Les sept vies d’André Gide

Pierre Masson

En juin 1913, Gide note : « Si je disparaissais aujourd’hui, je ne laisserais qu’une image d’après laquelle mon ange même ne pourrait me reconnaître. »

Même après avoir abandonné la perspective d’un jugement dernier, il semble avoir vécu son travail d’écrivain comme une course contre la montre, sa vie ne pouvant être tenue pour accomplie s’il ne parvenait pas à donner une forme satisfaisante aux diverses postulations de son esprit et de sa chair. Ce n’est pas devant Dieu que Gide se juge, mais devant lui-même, Dieu n’étant, au bout du compte que chargé de consacrer l’être parfait que l’artiste aura composé en parvenant à mettre en résonance toutes les composantes de son être.

Il y a ainsi l’impossible synthèse de l’amour et du désir, qui se transforme d’André Walter aux Faux-Monnayeurs. Mais aussi l’affirmation individualiste qui rivalise avec la quête d’autrui, et qui court des Nourritures aux Nouvelles Nourritures. Et encore l’affirmation du désir homosexuel, qui se traduit par un conflit entre Dionysos et le Christ. Et aussi le besoin de morale humaine et la crainte d’une loi absolue, selon l’antagonisme entre le « petit garçon qui s’amuse » et le « pasteur protestant qui l’ennuie ». Et aussi la recherche d’une forme parfaite appliquée à décrire un réel irrémédiablement morcelé…

Chaque livre exprime un état de lutte permanent, et en même temps il est une étape vers un apaisement reporté dans l’idéal, tout comme sur le plan formel il est une étape dans la recherche du roman parfait, lequel ne s’affirmera, dans Les Faux-Monnayeurs, que comme une forme inaccessible. En fonction de ces multiples aspects, on peut dire qu’il y a plusieurs vies dans la vie d’André Gide : sa relation au corps, à autrui, à l’espace, à la littérature, à son équation familiale, à la morale et à la religion, chacune se développant en symbiose avec les autres, mais selon un dynamisme particulier et trouvant son expression et son dépassement sur la plan esthétique, à travers fictions, essais, mémoires et autres récits.

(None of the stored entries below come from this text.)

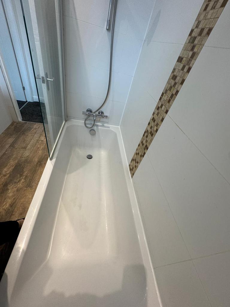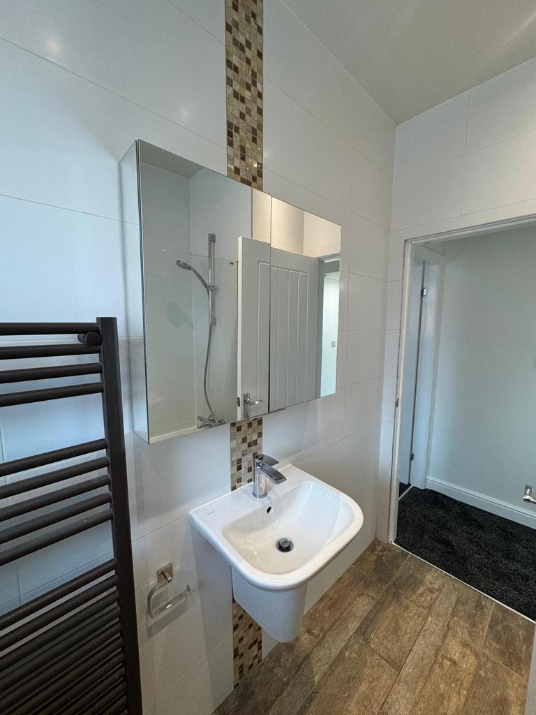 Fully tiled modern square-look bathroom with white 3 piece suite comprising of a wall-hung basin with mono tap, with over-sink double mirror cabinet to wall; back-to-wall toilet, and bath with over-bath power shower and glass shower screen. Black ladder radiator and complementary wood-effect lino to the floor.
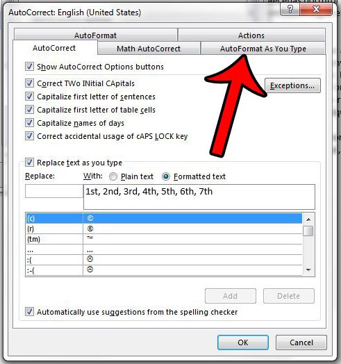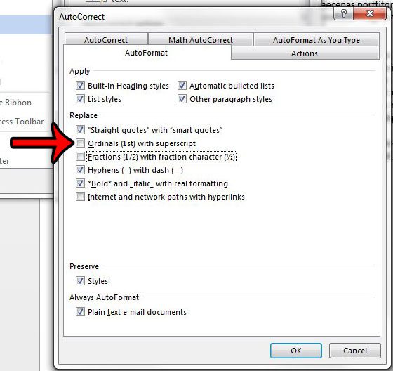 ステップ6:左のボックスをチェックします上付き文字を備えた序数(1番目)。左側のボックスをクリックすることもできます分数文字(1/2)の分数(1/2)そのフォーマットも停止します。クリックしますオートフォーマット[次へ]タブ。
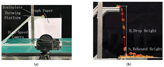 The rolling friction coefficient was determined using the rolling distance method [28]. The experimental setup shown in Figure 7 consisted of an angle control wheel, protractor, flat platform, inclined platform, and sheet of coordinate paper. The experiment involved placing the test surface on the flat platform, positioning the material to be tested on the inclined platform at a specified angle and distance, and recording the rolling process and distance of the material using a high-frame-rate camera. The rolling friction coefficient between the material and the surface was then calculated. Diced chicken, peanuts, and diced scallions were used as test materials, while PMMA, diced chicken cluster boards, peanut cluster boards, and diced scallion cluster boards were used as test surfaces.
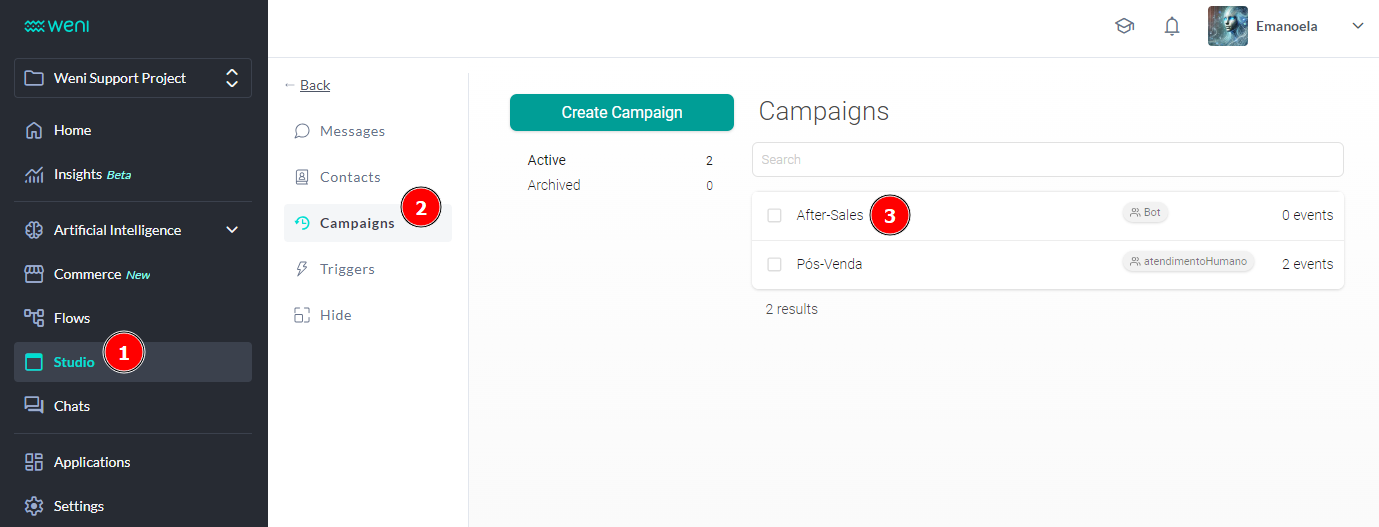 • Click on the ""Campaigns"" menu within the ""Studio"" module in the side menu and select the campaign containing the event you'd like to edit.
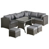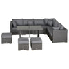 10-PIECE GARDEN FURNITURE SET: The set consists of 3 corner pieces, 3 middle sofas, a table and 3 stools. All seating comes with seat cushions and backrests for seating comfort
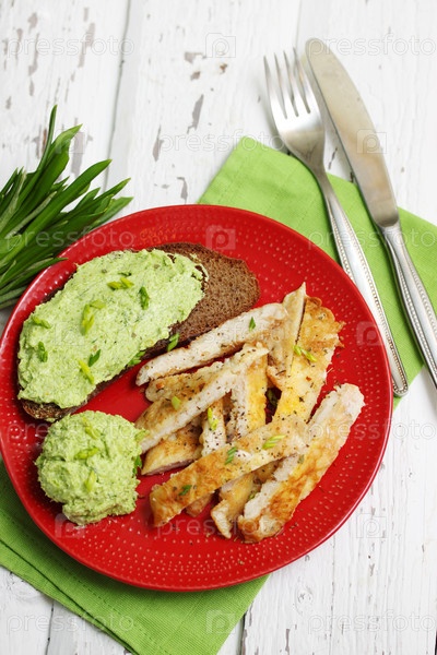 Нарезать белое мясо и чесночным маслом
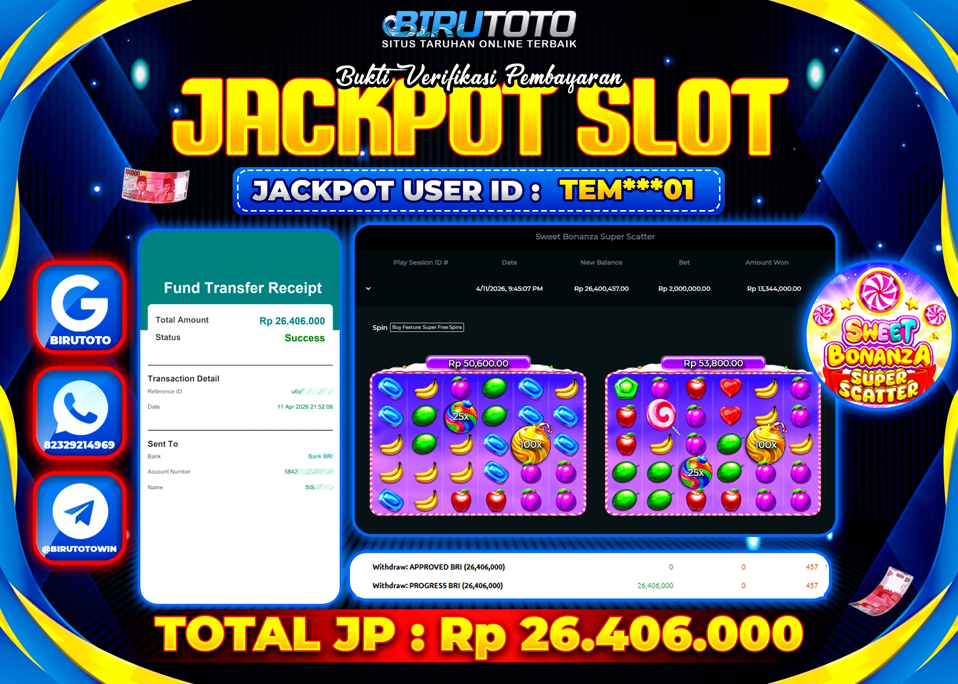 BIRUTOTO JACKPOT SLOT SWEET BONANZA SUPER SCATTER Rp.26.406.000 LUNAS
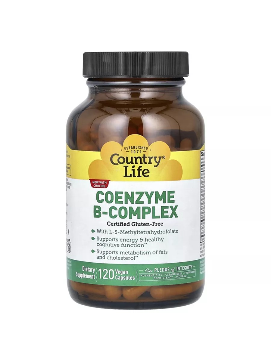 Коферментный комплекс витаминов группы B от Country Life содержит незаменимые витамины группы B в их активной «коферментной» форме. Этот комплекс известен и популярен в течение вот уже более 15 лет. Он содержит метилфолат — одну из наиболее активных форм фолата, доступных на сегодняшний день. Кроме того, у продукта нет характерного для витамина B вкуса и запаха. Теперь с холином — незаменимым питательным веществом, необходимым для образования ацетилхолина, важного нейромедиатора.
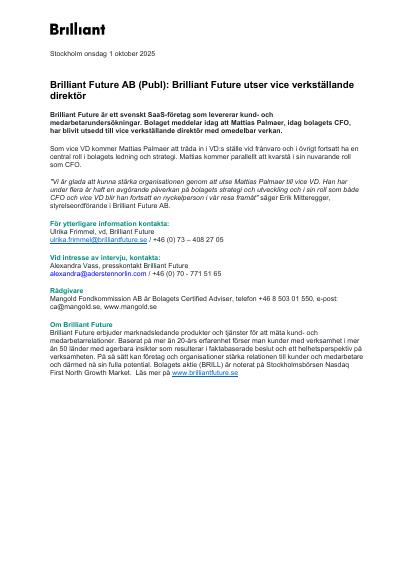 "Vi är glada att kunna stärka organisationen genom att utse Mattias Palmaer till vice VD. Han har under flera år haft en avgörande påverkan på bolagets strategi och utveckling och i sin roll som både CFO och vice VD blir han fortsatt en nyckelperson i vår resa framåt" säger Erik Mitteregger, styrelseordförande i Brilliant Future AB.
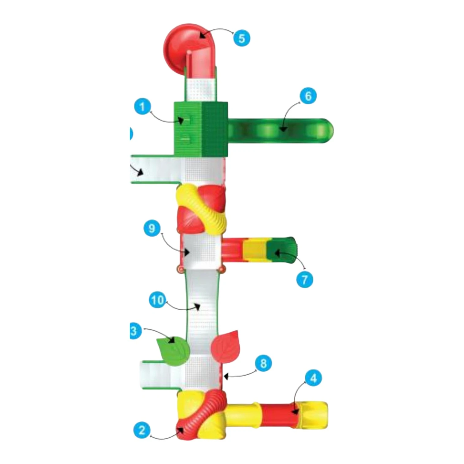 Adventure Max encourages climbing, sliding, exploring decks, and cooperative use. It enhances strength, coordination, vestibular awareness, spatial perception, and provides opportunities for shared imaginative play.
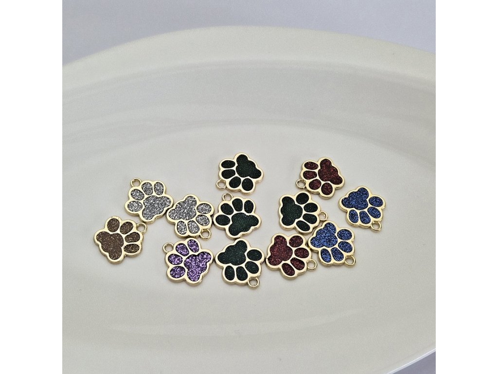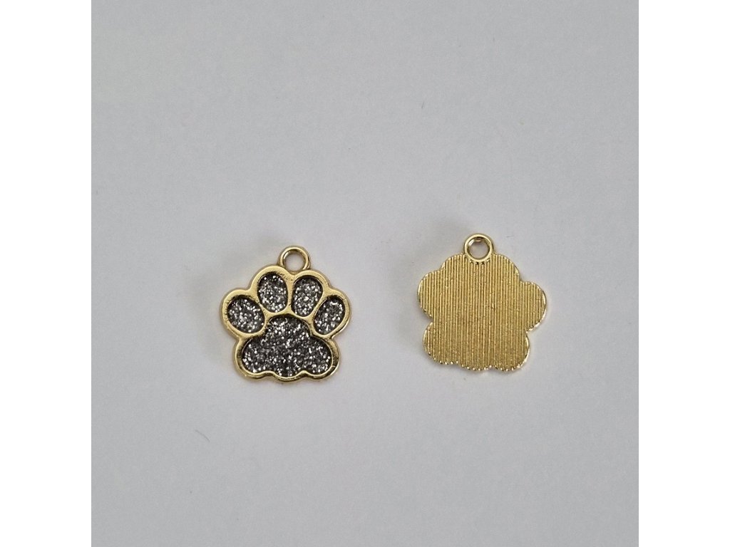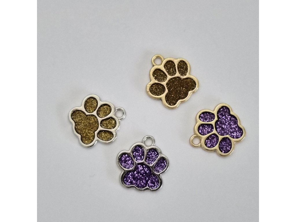 Stylový kovový přívěsek ve tvaru zvířecí tlapky je ideální pro výrobu šperků i doplňků pro milovníky zvířat. Vnitřní část je vyplněna třpytivou glitrovou pryskyřicí, která dodává přívěsku výrazný a hravý vzhled.
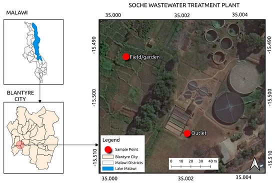 This study was conducted in southern Malawi, Blantyre City, at the Soche WWTP (Figure 1). Soche WWTP is the oldest treatment plant in the country, which was built in the 1950s and extended in the 1970s to its current design flow of 4100 m3/day []. It is a conventional biological filter plant serving a population of over 40,000, the city’s main hospital and a few small industries such as car dealing, clothing making, and food processing. It is also the main tanker reception center for latrine and septic tank emptying []. Treated effluent from the plant is often used for irrigation by local farmers in nearby gardens. No inorganic or organic fertilizers were applied to the vegetable plots during cultivation.
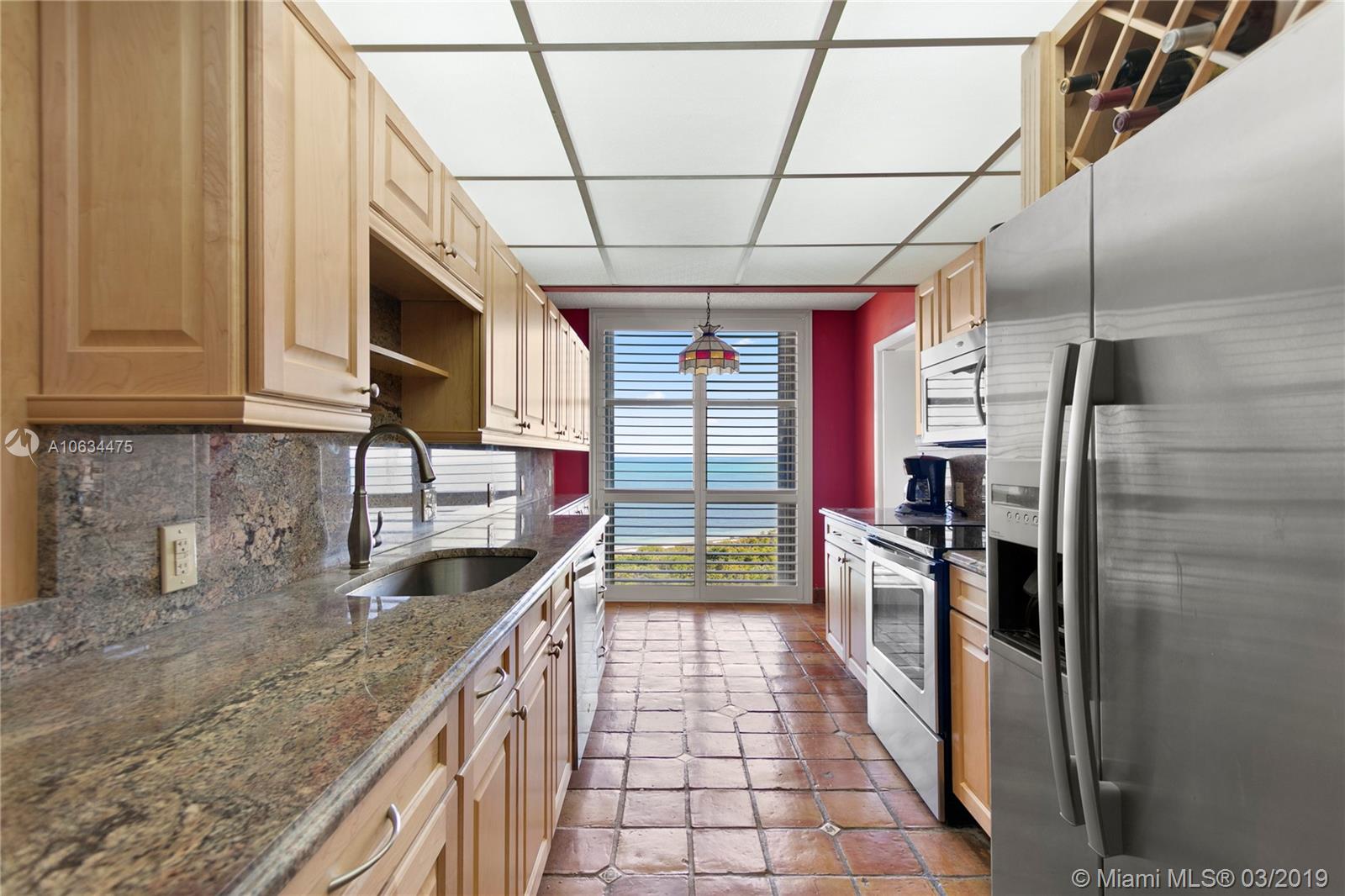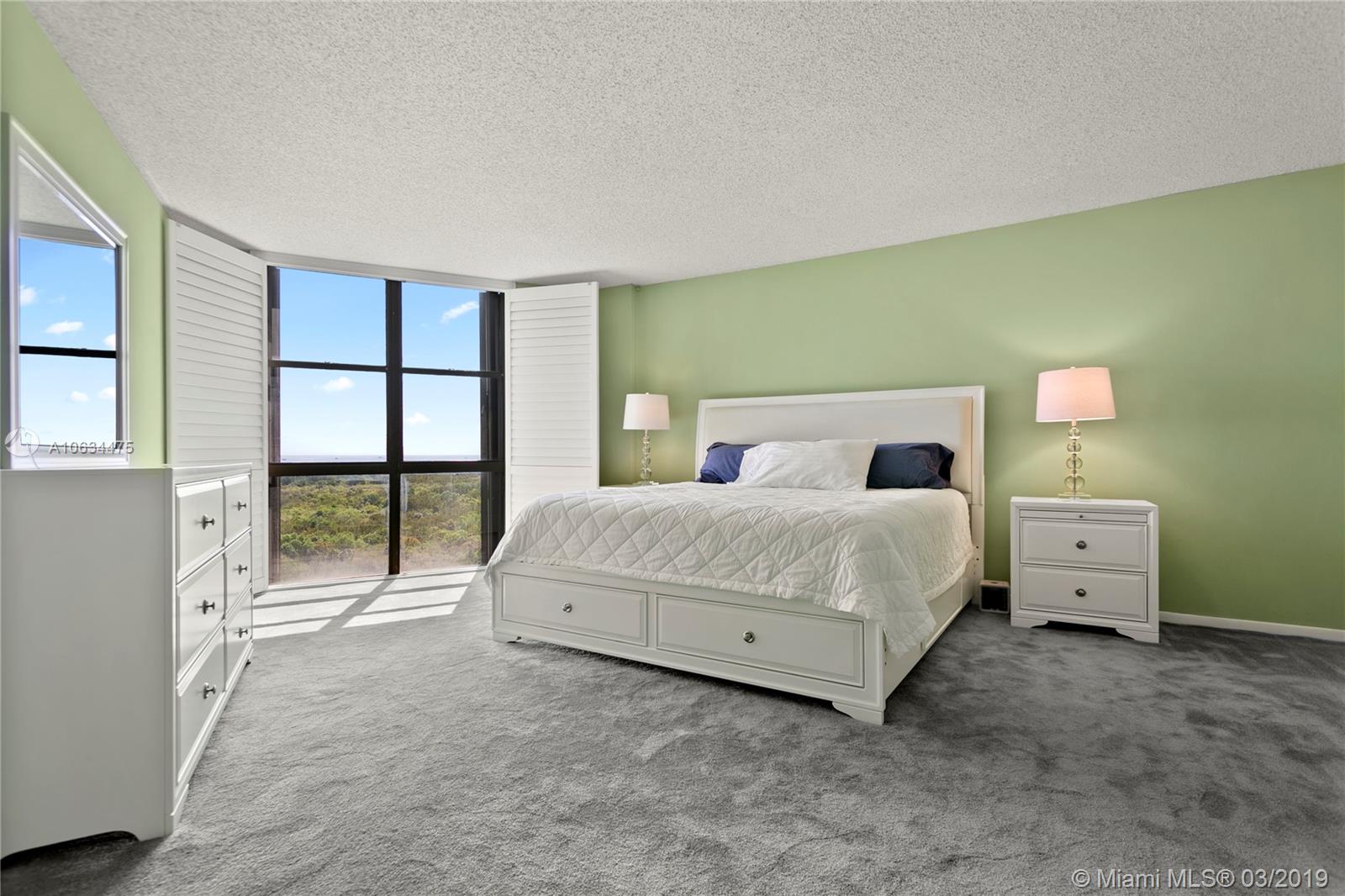 Private corner unit in exclusive location. Southeast exposure with abundance of natural light and unobstructed panoramic views of the ocean and bay. Enjoy breathtaking sunrises and sunsets from anywhere within the apartment. Renovated kitchen with stainless steel appliances. Tile throughout and carpet in the bedrooms. Premium parking space. Easy access to all facility amenities. Available to show at your convenience .
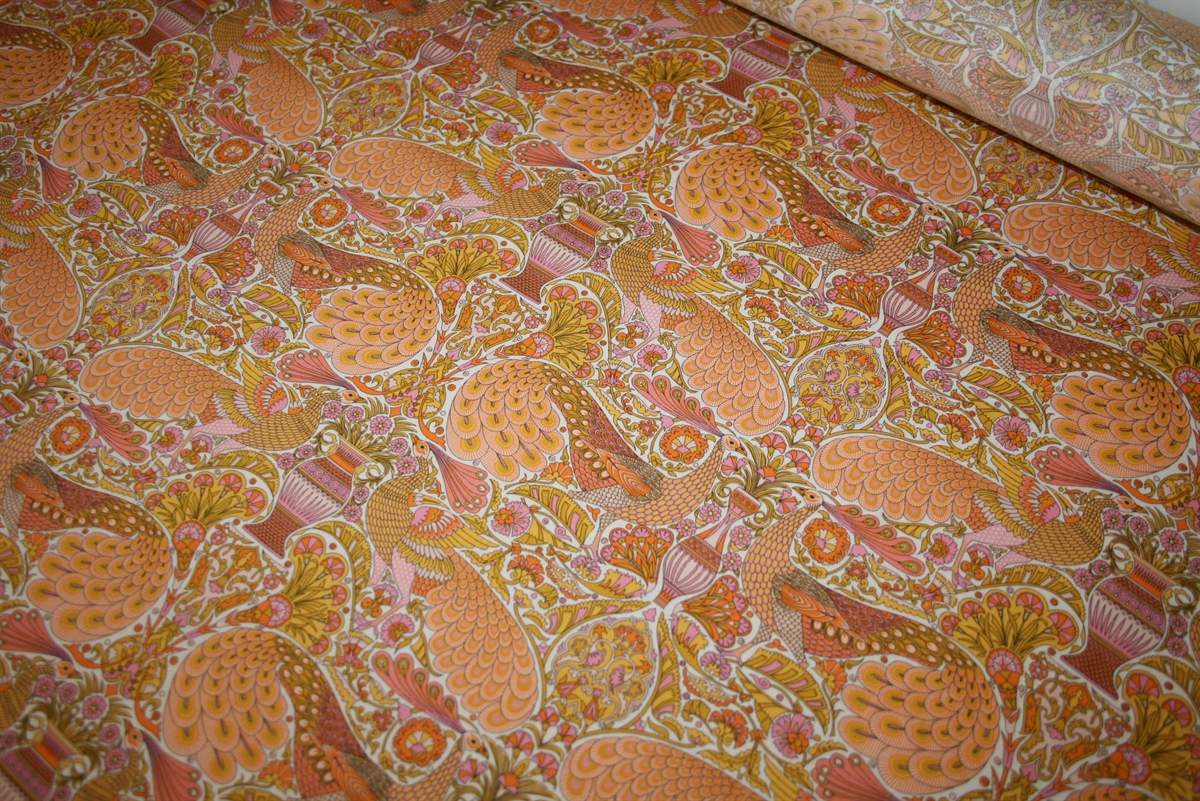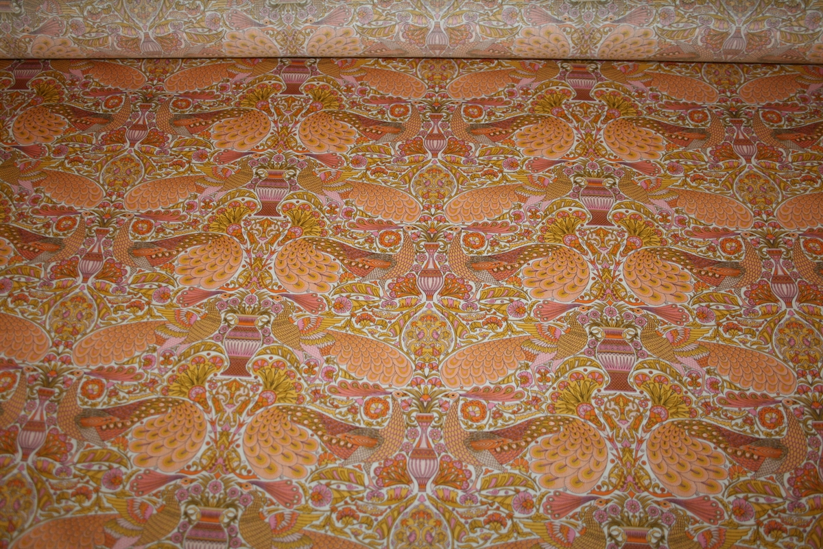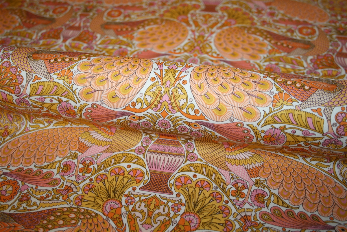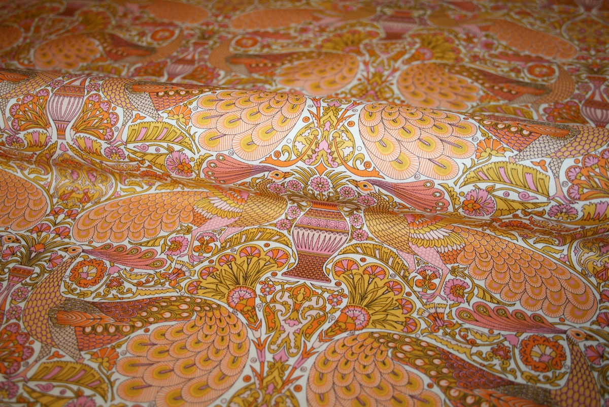 Liberty Tana Lawn™ i 100% bomuld med et majestætisk print af påfugle og vaser. Stoffet er oeko-tex certificeret, dvs. uden skadelig kemi.
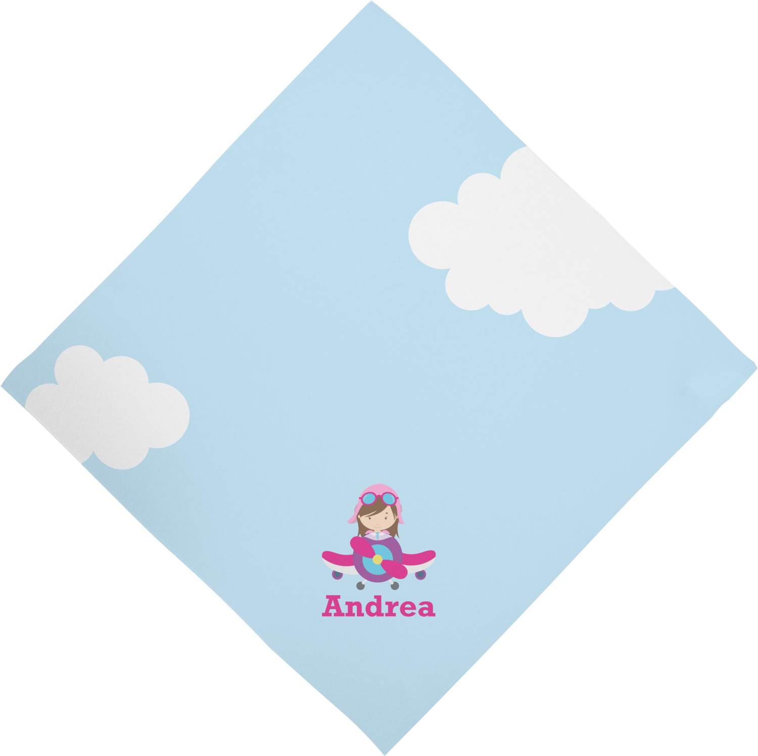 Do you have a little girl that loves planes? Soaring through on a backdrop of a beautiful blue cloudy sky is our fun flying aviator in the cockpit if her own personal plane brightly colored in shades of pink, purple, and blue. Don't forget to add that special touch by customizing the design with your little girl's name.

Dans ces conditions, un unique récit chronologique risquait d’être insuffisant. Commentant ses propres Mémoires, et sa difficulté d’accéder aux désirs de Martin du Gard, Gide notait encore : « […] le plus gênant c’est de devoir présenter comme successifs des états de simultanéité confuse. Je suis un être de dialogue ; tout en moi combat et se contredit. » 

Il fallait alors se résoudre, à la manière des Œuvres complètes de Gide, à ne raconter son action créatrice qu’en la démultipliant en ses facettes essentielles, le drame conjugal, le rapport à autrui, le débat spirituel, etc., et à suivre chacune comme une aventure véritablement prospective, où, contrairement à ce que Jean Delay a pu dire, rien n’est écrit d’avance. On n’obtient finalement ni une étude, ni une biographie, mais plusieurs fils conducteurs suivis séparément, comme on considère un sujet successivement sous des angles différents, chacun étant le lieu d’une lutte au cours infini. On pourrait appeler cela une scriptographie, dont on saurait en l’entreprenant que, comme le roman d’Édouard dans Les Faux-Monnayeurs, elle devra « être continuée »…

En fait, qu’il y ait sept vies de Gide ou davantage importe peu ; il s’agit de retrouver au plus près, sous diverses modalités, l’élan créateur de Gide, parce que, en donnant sens à son existence, il enrichit la nôtre.

 

Pierre Masson, Les Sept vies d’André Gide. Biographie d’un écrivain, Paris, Classiques Garnier, 2016, 546 p.